When visibility is limited to procurement or budget planning, it often fails to influence the daily architectural decisions that determine most cloud spending. To manage costs effectively, accountability must be shared across organizations.
Billing Complexity
Cloud providers regularly increase rates across service areas, including compute and storage, often bundling in features like security or AI tools. Meanwhile, usage-based billing for data transfer, API calls, or execution time remains difficult to estimate in dynamic environments.
Without proper controls, these services are easily overconsumed. Organizations can reduce this risk by implementing usage alerts, tagging resources for accountability, rightsizing deployments, and setting access limits or quotas. Regular cost reviews and reserved instance planning can help bring predictability to otherwise variable charges.
Unsanctioned Use
Increasingly, non-technical teams adopt cloud services independently, often bypassing IT and procurement entirely. This form of shadow IT can introduce unmanaged cost, compliance, and security risks. When engineering, marketing, or operations teams provision services independently, their usage is often untracked and generates unbudgeted invoices.
Without centralized governance, this unsanctioned activity leads to inconsistent access controls, fragmented security policies, and cloud resources that fall outside of budgeting and forecasting processes. These gaps make it difficult to allocate costs accurately or identify opportunities to optimize usage.
Practical Steps to Increase Accountability
The solution to these issues is not indiscriminate cost-cutting or arbitrary allocation for unplanned usage. Instead, expense awareness and forecasting should be embedded into architectural design, operational reviews, and vendor strategy. IT must take a structured, collaborative approach across departments to manage this effectively:
Reporting by Workload: Implement reporting that tracks usage by service, application, and owner. Deploy real-time or near-real-time dashboards to enable early identification of anomalies and timely adjustments.
Align Organizations: Establish recurring cross-functional reviews that include stakeholders from IT, Finance, Engineering, and any other department independently using cloud services. This creates shared accountability and helps ensure planning and forecasting processes reflect technical realities.

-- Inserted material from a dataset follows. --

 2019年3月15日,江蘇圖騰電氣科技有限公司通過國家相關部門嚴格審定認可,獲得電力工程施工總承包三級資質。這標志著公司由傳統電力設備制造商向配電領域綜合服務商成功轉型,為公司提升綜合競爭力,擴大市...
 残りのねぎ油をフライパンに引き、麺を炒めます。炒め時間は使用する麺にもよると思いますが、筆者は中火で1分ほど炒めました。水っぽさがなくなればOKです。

Budget Discipline: Integrate cost considerations into architecture decisions. This includes selecting appropriate instance types, defining autoscaling thresholds, choosing optimal regions, and tailoring data retention strategies. For AI and machine learning workloads, consider asynchronous execution, model size reduction, or lower-cost storage where feasible.
Vendor Analysis: Review contract terms regularly, renegotiate commitments where appropriate, and assess whether hybrid or multi-cloud models offer better cost control. Consider shifting non-critical workloads to lower-cost providers or usage models.

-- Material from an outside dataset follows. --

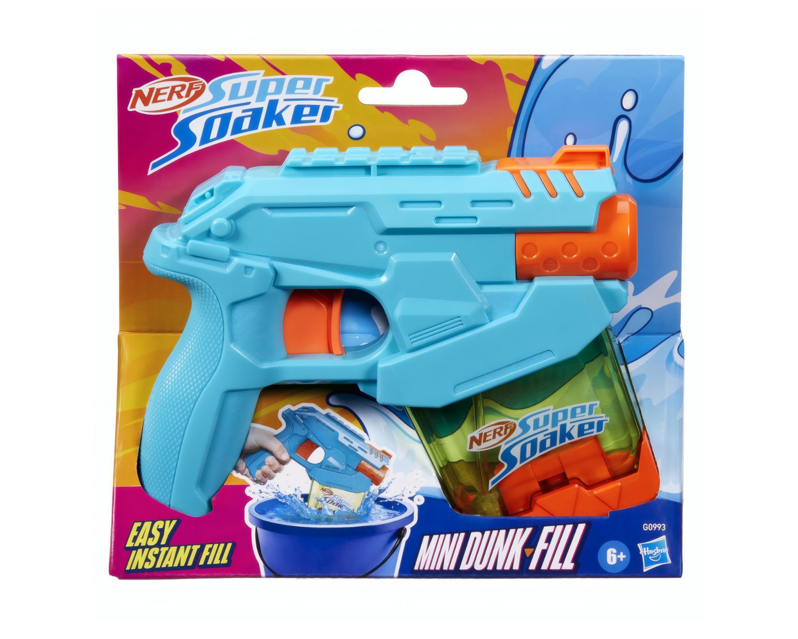Super Soaker Dunk Fill Mini on Nerfin vesipyssy, joka tarjoaa nopean täyttämisen välittömään vesileikkiin. Sen kapasiteetti on 100 ml ja siinä on läpinäkyvä säiliödesign helppoa täyttämistä ja visuaalista tarkkailua varten. Se on tarkoitettu ulkoilmaaktiviteetteihin ja vesileikkeihin, mikä tekee siitä ihanteellisen lapsille, jotka etsivät hauskaa ja aktiivista leikkiä.Tämä vesipyssy on suunniteltu käyttäjäystävällisyyttä silmällä pitäen. Täyttääkseen säiliön käyttäjä laskee sen vain veteen, ja se täyttyy välittömästi. Tämä nopea järjestelmä varmistaa, ettei leikkihetki keskeydy. Läpinäkyvä säiliö on käytännöllinen, jotta voidaan nähdä milloin on aika täyttää, mikä minimoi yllättävien keskeytysten riskin pelin aikana. Vettä ampumiseen käyttäjä puristaa vain liipaisinta.

Aligning Costs with Business Priorities
Cloud infrastructure has become a material line item on the balance sheet. IT leaders are expected to manage it with the same rigor applied to other major cost centers. This includes enforcing architectural and financial guardrails, maintaining accurate forecasts, and ensuring each workload has clear ownership.
Increasingly, technology licensing models are per-user or per-endpoint based. For many businesses, this is a fundamental change in how cloud operations are managed. Companies that adopt a more disciplined approach to forecasting and spending will be better equipped to balance technical needs with financial goals. Those who act now will be better positioned to adopt new technologies and scale them confidently in the future.